A new kind of polymer membrane created by researchers at Georgia Tech could reshape how refineries process crude oil, dramatically reducing the energy and water required while extracting even more useful materials.
The so-called DUCKY polymers -- more on the unusual name in a minute -- are reported Oct. 16 in Nature Materials. And they're just the beginning for the team of Georgia Tech chemists, chemical engineers, and materials scientists. They also have created artificial intelligence tools to predict the performance of these kinds of polymer membranes, which could accelerate development of new ones.
The implications are stark: the initial separation of crude oil components is responsible for roughly 1% of energy used across the globe. What's more, the membrane separation technology the researchers are developing could have several uses, from biofuels and biodegradable plastics to pulp and paper products.
"We're establishing concepts here that we can then use with different molecules or polymers, but we apply them to crude oil because that's the most challenging target right now," said M.G. Finn, professor and James A. Carlos Family Chair in the School of Chemistry and Biochemistry.
Crude oil in its raw state includes thousands of compounds that have to be processed and refined to produce useful materials -- gas and other fuels, as well as plastics, textiles, food additives, medical products, and more.

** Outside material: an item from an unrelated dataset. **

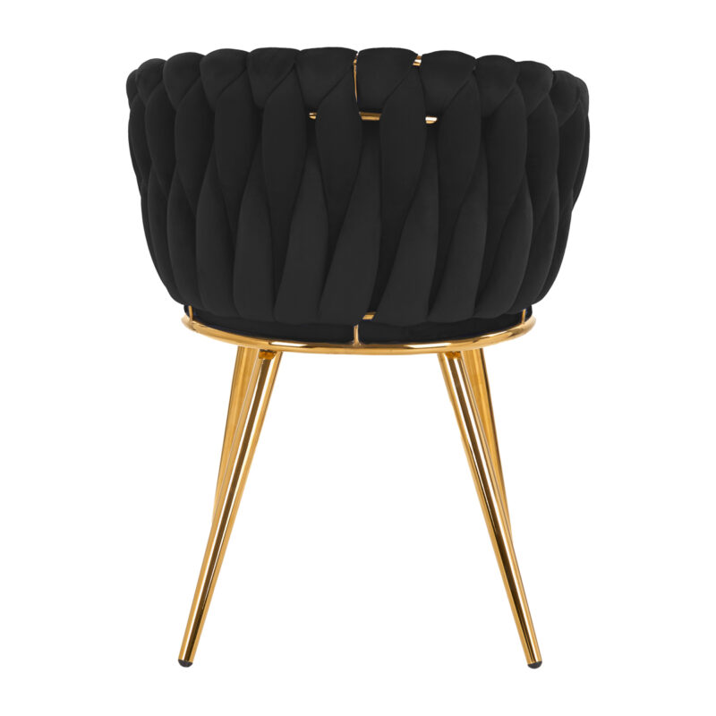 Przyjemne w dotyku, welwetowe obicie w odcieniach czerni nadaje krzesłu wyjątkowego charakteru, a estetycznie przeplatany materiał na oparciu podkreśla unikatowy wygląd mebla. Nadaje mu to ekskluzywny wygląd i zapewnia komfort użytkowania. Stelaż w odcieniach złota dodaje elegancji i prestiżu, idealnie komponując się z welwetem. Eleganckie krzesło 4Rico jest wyjątkowo komfortowym meblem, który stanie się ozdobą recepcji każdego salonu kosmetycznego.

Squeezing out the valuable stuff involves dozens of steps, but it starts with distillation, a water- and energy-intensive process.
Researchers have been trying to develop membranes to do that work instead, filtering out the desirable molecules and skipping all the boiling and cooling.
"Crude oil is an enormously important feedstock for almost all aspects of life, and most people don't think about how it's processed," said Ryan Lively, Thomas C. DeLoach Jr. Professor in the School of Chemical and Biomolecular Engineering. "These distillation systems are massive water consumers, and the membranes simply are not. They're not using heat or combustion. They just use electricity. You could ostensibly run it off of a wind turbine, if you wanted. It's just a fundamentally different way of doing a separation."
What makes the team's new membrane formula so powerful is a new family of polymers. The researchers used building blocks called spirocyclic monomers that assemble together in chains with lots of 90-degree turns, forming a kinky material that doesn't compress easily and forms pores that selectively bind and permit desirable molecules to pass through. The polymers are not rigid, which means they're easier to make in large quantities. They also have a well-controlled flexibility or mobility that allows pores of the right filtering structure to come and go over time.
The DUCKY polymers are created through a chemical reaction that's easy to produce at a scale that would be useful for industrial purposes. It's a flavor of a Nobel Prize-winning family of reactions called click chemistry, and that's what gives the polymers their name. The reaction is called copper-catalyzed azide-alkyne cycloaddition -- abbreviated CuAAC and pronounced "quack." Thus: DUCKY polymers.
In isolation, the three key characteristics of the polymer membranes aren't new; it's their unique combination that makes them a novelty and effective, Finn said.
The research team included scientists at ExxonMobil, who discovered just how effective the membranes could be. The company's scientists took the crudest of the crude oil components -- the sludge left at the bottom after the distillation process -- and pushed it through one of the membranes. The process extracted even more valuable materials.
"That's actually the business case for a lot of the people who process crude oils. They want to know what they can do that's new. Can a membrane make something new that the distillation column can't?" Lively said. "Of course, our secret motivation is to reduce energy, carbon, and water footprints, but if we can help them make new products at the same time, that's a win-win."
Predicting such outcomes is one way the team's AI models can come into play. In a related study recently published in Nature Communications, Lively, Finn, and researchers in Rampi Ramprasad's Georgia Tech lab described using machine learning algorithms and mass transport simulations to predict the performance of polymer membranes in complex separations.
"This entire pipeline, I think, is a significant development. And it's also the first step toward actual materials design," said Ramprasad, professor and Michael E. Tennenbaum Family Chair in the School of Materials Science and Engineering. "We call this a 'forward problem,' meaning you have a material and a mixture that goes in -- what comes out? That's a prediction problem. What we want to do eventually is to design new polymers that achieve a certain target permeation performance."
Complex mixtures like crude oil might have hundreds or thousands of components, so accurately describing each compound in mathematical terms, how it interacts with the membrane, and extrapolating the outcome is "non-trivial," as Ramprasad put it.